##### INFORMATION PROVIDED

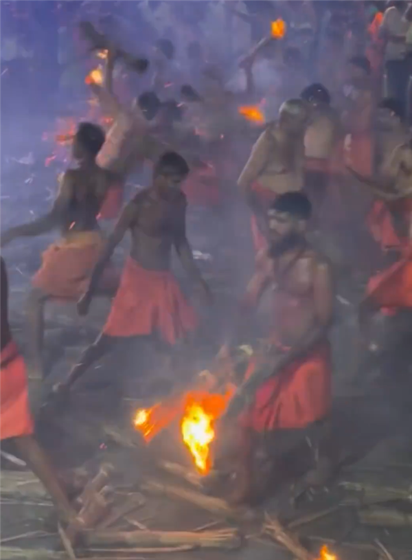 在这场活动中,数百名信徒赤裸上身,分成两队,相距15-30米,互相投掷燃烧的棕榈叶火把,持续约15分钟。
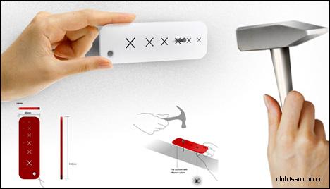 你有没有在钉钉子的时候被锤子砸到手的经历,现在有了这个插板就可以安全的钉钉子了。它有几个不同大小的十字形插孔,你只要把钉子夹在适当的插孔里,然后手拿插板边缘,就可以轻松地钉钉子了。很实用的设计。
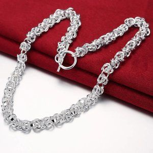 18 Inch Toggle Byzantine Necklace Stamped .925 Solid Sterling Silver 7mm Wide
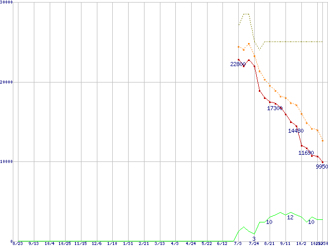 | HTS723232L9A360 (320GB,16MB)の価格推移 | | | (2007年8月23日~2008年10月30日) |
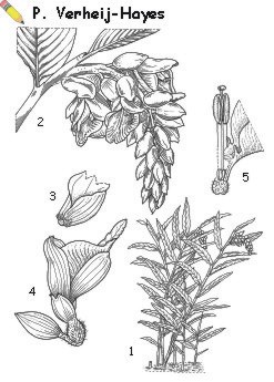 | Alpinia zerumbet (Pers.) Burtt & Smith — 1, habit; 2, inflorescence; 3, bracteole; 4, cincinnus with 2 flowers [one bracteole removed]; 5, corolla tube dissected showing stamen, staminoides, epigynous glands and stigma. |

##########
##### INFORMATION PROVIDED

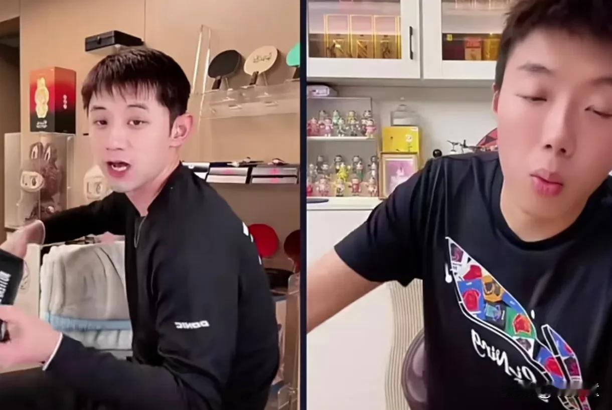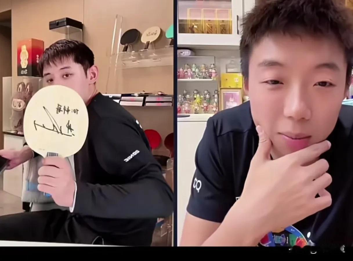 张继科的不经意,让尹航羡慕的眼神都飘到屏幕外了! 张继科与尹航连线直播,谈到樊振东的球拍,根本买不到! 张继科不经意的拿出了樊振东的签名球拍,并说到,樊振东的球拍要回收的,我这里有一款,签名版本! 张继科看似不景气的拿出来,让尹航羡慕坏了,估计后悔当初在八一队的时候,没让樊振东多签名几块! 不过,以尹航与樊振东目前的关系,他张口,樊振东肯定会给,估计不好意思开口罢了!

##########

* _EXERCISE REQUIREMENTS_
Return exactly the lines of the material above, starting at the line containing "在这场活动中,数百名信徒赤裸" and finishing at the line containing "and stigma. |", without any pictures.

* _EXPECTED ANSWER_
 在这场活动中,数百名信徒赤裸上身,分成两队,相距15-30米,互相投掷燃烧的棕榈叶火把,持续约15分钟。
 你有没有在钉钉子的时候被锤子砸到手的经历,现在有了这个插板就可以安全的钉钉子了。它有几个不同大小的十字形插孔,你只要把钉子夹在适当的插孔里,然后手拿插板边缘,就可以轻松地钉钉子了。很实用的设计。
 18 Inch Toggle Byzantine Necklace Stamped .925 Solid Sterling Silver 7mm Wide
 | HTS723232L9A360 (320GB,16MB)の価格推移 | | | (2007年8月23日~2008年10月30日) |
 | Alpinia zerumbet (Pers.) Burtt & Smith — 1, habit; 2, inflorescence; 3, bracteole; 4, cincinnus with 2 flowers [one bracteole removed]; 5, corolla tube dissected showing stamen, staminoides, epigynous glands and stigma. |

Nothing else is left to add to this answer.